THE DATA Start Marker
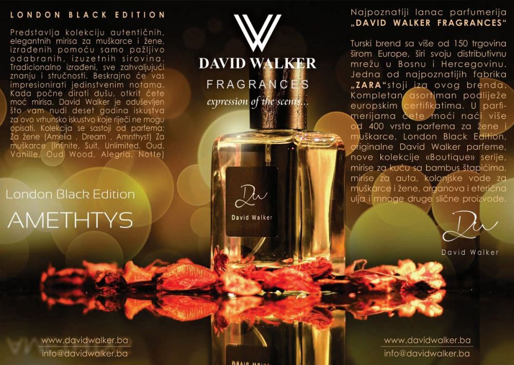 U parfimerijama ćete moći naći više od 400 vrsta parfema za žene i muškarce, London Black Edition, originalne David Walker parfeme, nove kolekcije «Boutique» serije, mirise za kuću sa bambus štapićima, mirise za auta, kolonjske vode za muškarce i žene, arganova i eterična ulja i mnoge druge slične proizvode.
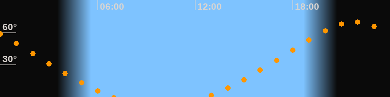 Höchster Stand (Kulmination)21:47 Uhr (h = 70°)
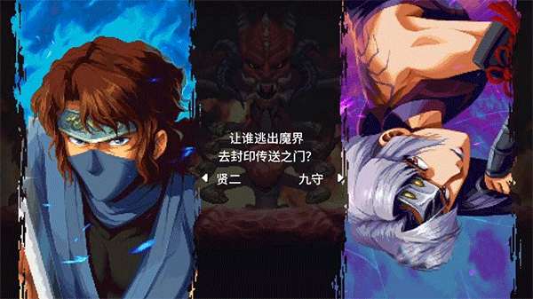 解锁结局B需要推进至关卡4-6【杀入阴影】,打到该关卡的最终BOSS时会弹出选择【让谁逃出魔界去封印传送之门?】,确保在此时选择【九守】。
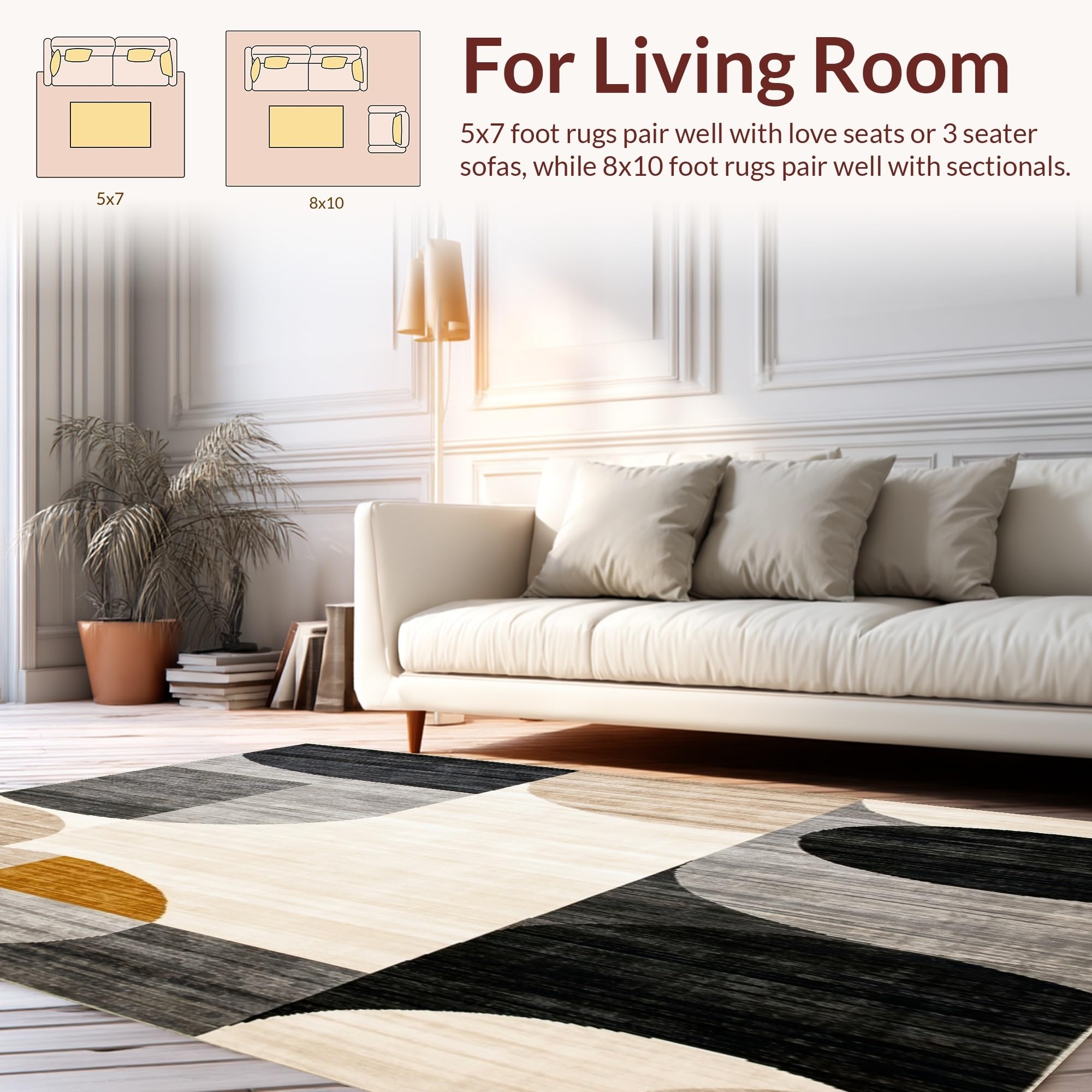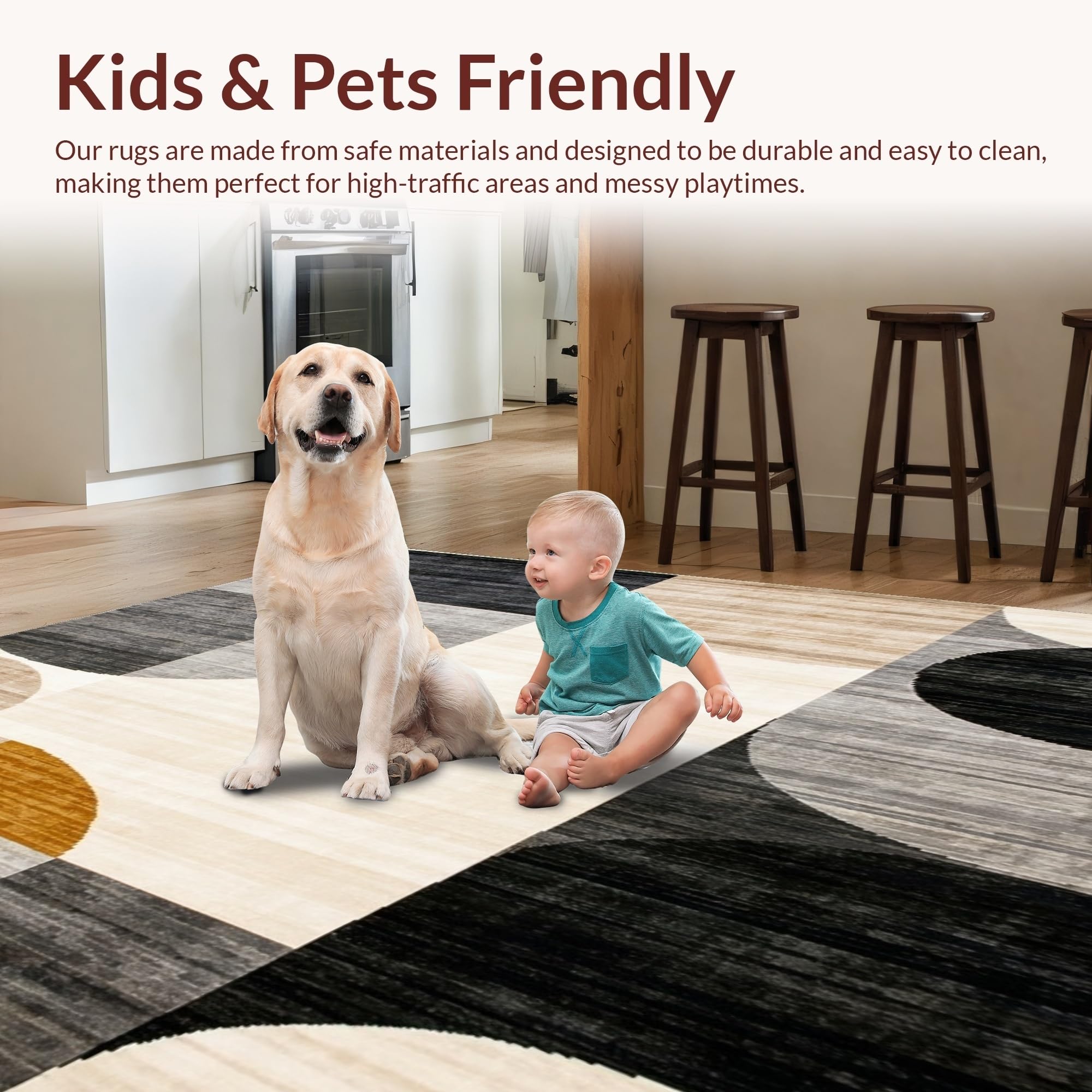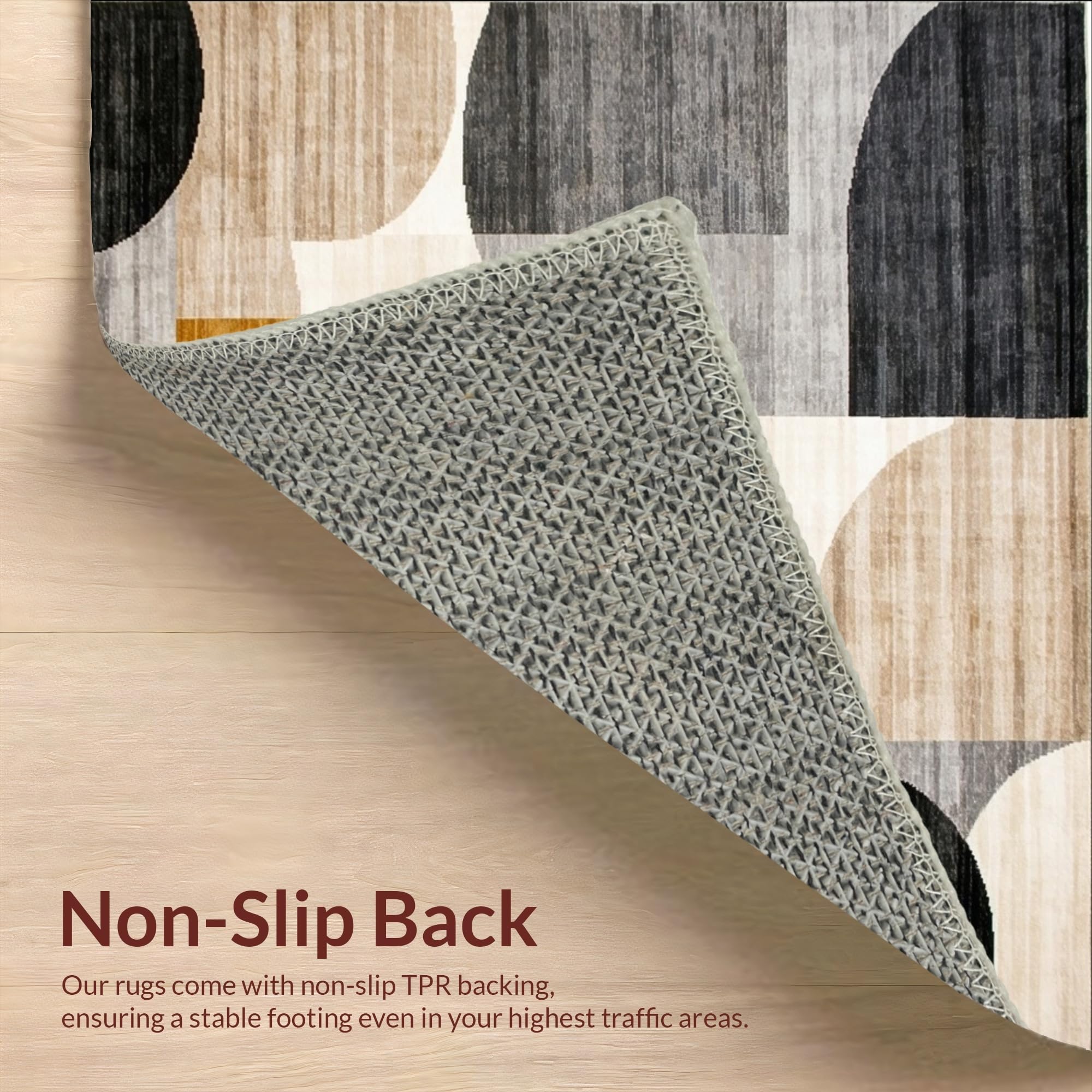 Ultra Soft Area Rug, Non Slip, Stain Resistant, Washable Area Rugs for Living Room, Bedroom, Beige Black Abstract Modern Geometric Circles Area Design(Gray) Overview:
THE DATA End Marker
▶ EXERCISE OBJECTIVE
Write out the data again word for word, minus any images.

▶ ANSWER SECTION
 U parfimerijama ćete moći naći više od 400 vrsta parfema za žene i muškarce, London Black Edition, originalne David Walker parfeme, nove kolekcije «Boutique» serije, mirise za kuću sa bambus štapićima, mirise za auta, kolonjske vode za muškarce i žene, arganova i eterična ulja i mnoge druge slične proizvode.
 Höchster Stand (Kulmination)21:47 Uhr (h = 70°)
 解锁结局B需要推进至关卡4-6【杀入阴影】,打到该关卡的最终BOSS时会弹出选择【让谁逃出魔界去封印传送之门?】,确保在此时选择【九守】。
 Ultra Soft Area Rug, Non Slip, Stain Resistant, Washable Area Rugs for Living Room, Bedroom, Beige Black Abstract Modern Geometric Circles Area Design(Gray) Overview:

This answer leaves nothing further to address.